Sunday, April 21, 2013

Drama drama drama

Well, that didn't take long for me to fall out of habit. All last week, I thought "I should write", but for some reason, I didn't. I had a REALLY stressful week! A relationship that didn't really exist, ended. A friendship crashed and burned. And my course almost got the best of me!

I'm taking the mortgage broker's course. I'm thisclose to being done, but the last 2 chapters have really challenged me! Investment Analysis was a really long and boring chapter, but the assignment wasn't too hard. I even managed to get 100%! And then I moved on to Statements of Adjustment... OH BOY!!  Short chapter. When I was done reading, I was positive I knew what I was doing. I was pumped to get the assignment done and handed in. I finished reading the chapter about 5 minutes before the end of my Friday shift (yes, I get paid to study). I debated taking the books home and knocking out the assignment over the weekend, but I had karaoke planned for that night, and hockey all weekend (not playing, watching). So I left it there with the plan of getting it done first thing Monday morning. Work was a little busy Monday, so I didn't get to it until the afternoon, and wowsers! I did NOT know what I was doing!! Just when I thought I had it, the numbers didn't match. But I struggled through, I re-did questions over and over until I got the right answers.. Assignment submitted last night! Now I wait... but that is out of the way!

For the last few months, I've been texting with this guy. He's funny, he likes hockey, he has decent grammar, he's got a kid and doesn't want to have any more, he's the right age, cute in that goofy kind of way... he's basically everything I'm looking for in a guy. Or so I thought. I knew there was another woman in his life, but I was under the impression that he was no more involved with her, than he was with me. Well maybe a little more.  I think I believed what I wanted to believe, because he was that guy that I'd been waiting five years to find (yeah... that's right... five years single). Well, turns out he's also really good at lying! I got home from a strange night of karaoke, decided I was up way past my bedtime, and went to bed. Before I went to sleep, I checked my Facebook, and there it was. A picture collage of him and this other girl. One of the pictures had her holding a bouquet. I scroll down a little farther, and my heart breaks! There is his status, saying that he and the other woman had gotten married while on their vacation. And just like that, the end of a relationship that never really existed. And the end of a friendship... but that's not the one that crashed and burned!

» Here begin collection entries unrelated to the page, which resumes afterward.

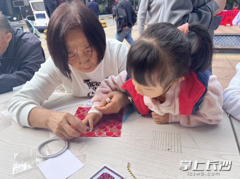 除了文艺演出,活动现场还设置了传统文化体验区,吸引了众多居民驻足参与。手工锤制作区,老人们亲手体验传统工艺的魅力,在敲敲打打中感受匠心传承;宋锦手工画展区则展示了精美的非遗作品,居民们在志愿者的指导下尝试粘贴珍珠、装裱,近距离感受中华优秀传统文化的独特韵味。与此同时,社区工作人员和志愿者还向居民发放了安全生产、社保服务、垃圾分类、禁毒等宣传资料,耐心讲解相关政策法规和生活常识,倡导文明健康、安全环保的生活方式,将便民服务送到居民“家门口”,切实提升群众的获得感与幸福感。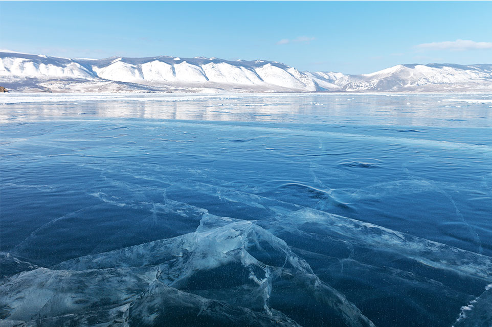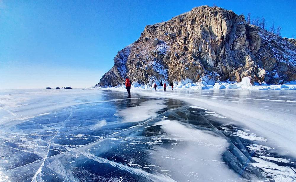 С конца января до середины февраля — лучшее время для чистейшего льда. Благодаря сибирским морозам Байкал, прочно скованный льдом, превращается в огромное зеркало, растянувшееся на многие километры.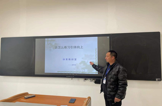 2021年12月14日下午体育教研室全体教师在育德楼105就“该如何提高学生引体向上的成绩”展开讨论,本次教研活动有教研室吕中正老师主持。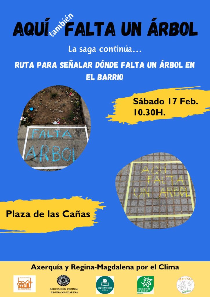 Las asociaciones vecinales de Axerquía y Regina-Magdalena, junto con Ecologistas en Acción, convocan una acción para “señalar alcorques vacíos, tocones cortados y lugares en los que, pese a disponer de espacio suficiente, carecen de arbolado.” La actividad comenzará el sábado 17 de febrero a las 10.30 de la mañana en la Plaza de las Cañas. Los medios podrán tomar imágenes a lo largo de la ruta por la plaza de la Compañía, calle Claudio Marcelo, Calle Diario Córdoba, el Compás de San Francisco, y paseo de la Ribera. O en la plaza de las Cañas, en la que serán atendidos a las 12.00 horas. Todas las personas y asociaciones de la ciudad están invitadas a participar.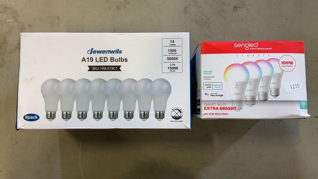 4 NEW SENGLED LED SMART LIGHT BULBS AND 8 PACK OF A19 LED BULBS RETAIL $99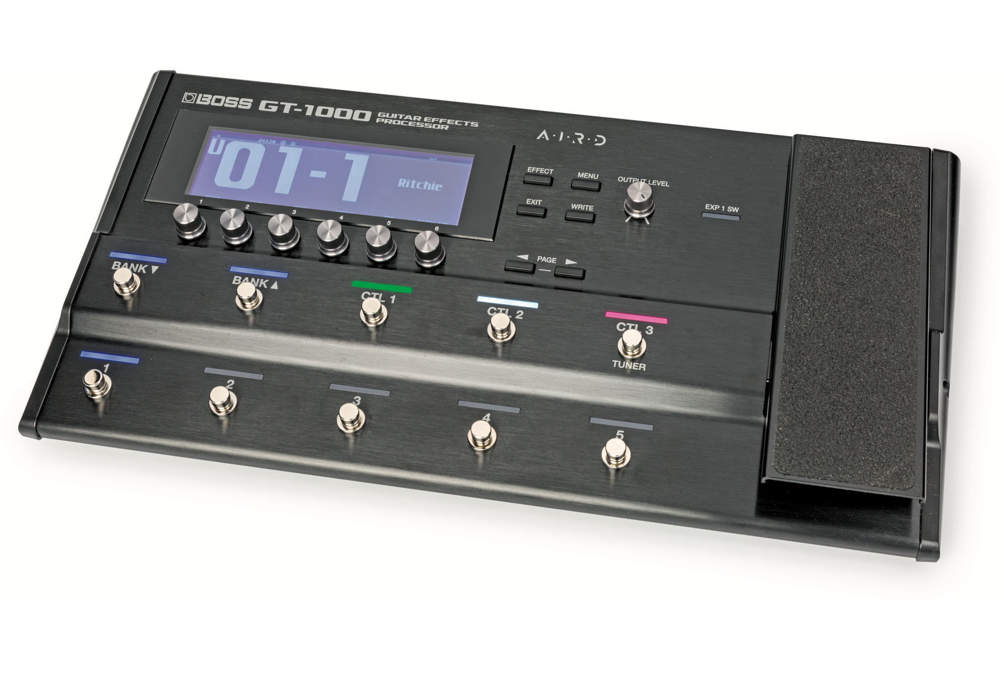 Den Markt der klassischen Multieffekt-Boards teilt sich Modelling-Pionier Line6 mit dem Newcomer Headrush und eben Boss, Tochter des japanischen Instrumentenbauers Roland und seit Jahrzehnten bekannt für seine bunten Einzeleffekt-Tretminen. Der GT-1000 ist mit einem Straßenpreis von 850 Euro das günstigste Gerät unter den High-End-Pedalboards mit Verstärker-Emulation, die beiden Konkurrenten kosten jeweils knapp 1000 Euro. Zudem ist der GT-1000 der einzige mit einem Bluetooth-Anschluss. Aus diesem Grund haben wir ihn näher unter die Lupe genommen.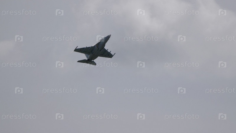 Москва Россия Аэродром Жуковский 25 июля 2021 года: пилотажный Як-130 выполняет демонстрационный полет международного аэрокосмического салона МАКС-2021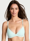 Our T-shirt bras are the go-to everyday bra. They provide a smooth, seamless look which makes them perfect for wearing under a t-shirt , sweater , and any form-fitting tops. Victoria’s Secret T-shirt bras feature molded cups that enhance natural shaping without any visible lines. Our T-shirt bras come with or without an underwire, which enhances lift and comfort throughout the day. They are designed with different levels of padding, like lightly lined full coverage bras for a subtle boost and push-up bras for more cleavage. Their versatility and focus on everyday comfort make T-shirt bras a daily essential, suitable for a variety of outfits and occasions.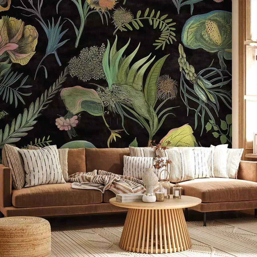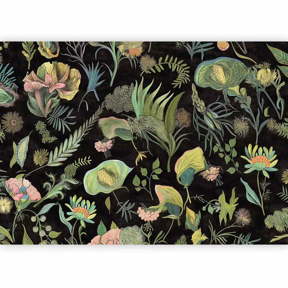 Valokuvatapetti - kasveja tummalla taustalla hienoja yksityiskohtia, 160405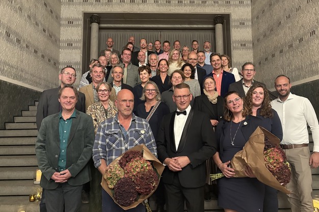 © Provincie GelderlandAlle genomineerden, vooraan Waarde-Ringwinnaar Jeroen Robbers, gedeputeerde Harold Zoet en Waarde-Ringwinnares Marga Kroezen.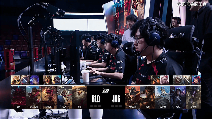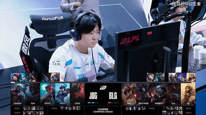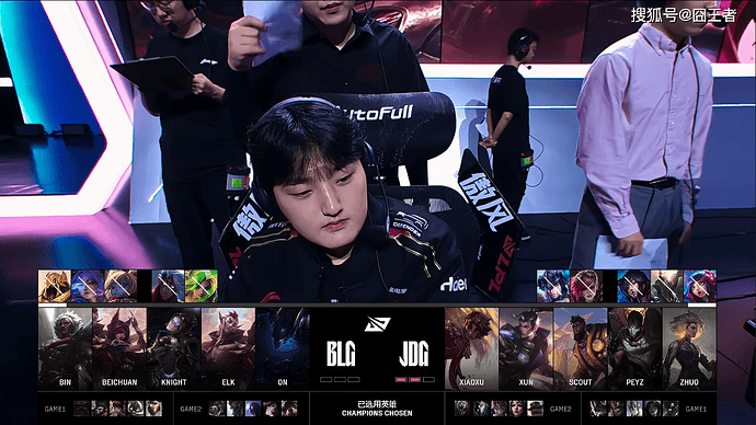 第一局比赛,BLG蓝色方,禁用:沙皇、波比、芸阿娜、希维尔、布隆,选用:Bin奥恩、shad0w猴子、Knight安妮、Elk飞机、ON巴德;JDG红色方,禁用:妮蔻、潘森、安蓓萨、洛、泰坦,选用:Xiaoxu兰博、Xun皇子、Scout加里奥、Peyz卡莎、Zhuo牛头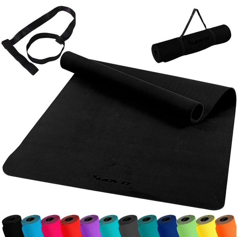 A nagyméretű MOVIT csúszásgátló szőnyeg kényelmet és stabilitást biztosít jóga, Pilates és fitnesz gyakorlatok során, valamint kíméletes az ízületekhe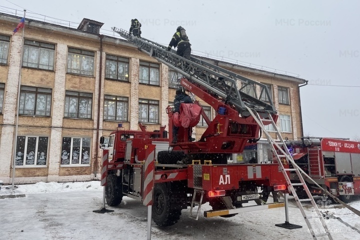 Спасатели, педагоги и учении отработали действия при условном пожаре в столовой на втором этаже.

I have to be careful how I word the friendship story, as it involves family. I'll tell the abridged version. Person 1 I considered to be a friend, due to her relationship with a close family member. Person 2 is the family member. Weeks ago, person 1 sent me an inbox, telling me that person 2 had been asked to leave. I really wasn't sure why I was being involved in the situation, as it seemed to me that the situation was  still ongoing. So I ignored it for a while. Later, I messaged person 2 and let him know I had been informed, and that I didn't know why. I also let him know that I was there for him and that I hoped things could be worked out. Early this week, I was sent a message from person 1, from person 2's page, stating that it was nice to read my thoughts. I then found myself deleted from both pages. Person 1's page, I understood. But I was sure that she also deleted me from person 2, and that's NOT ok. I had to take a couple days to calm down, and I finally sent him an email. My suspicions were confirmed, and it was her, and not him that deleted me. I've since been re-added to his page, but I don't think the friendship with person 1 can be mended.

So needless to say, I've had a stressful week! Next week, I work on my assignment, and eating better, and getting on the damned elliptical that keeps staring at me!

Time to say screw the liars, screw the drama... it needs to be about me!! Time to get back to what I love, and time to love me.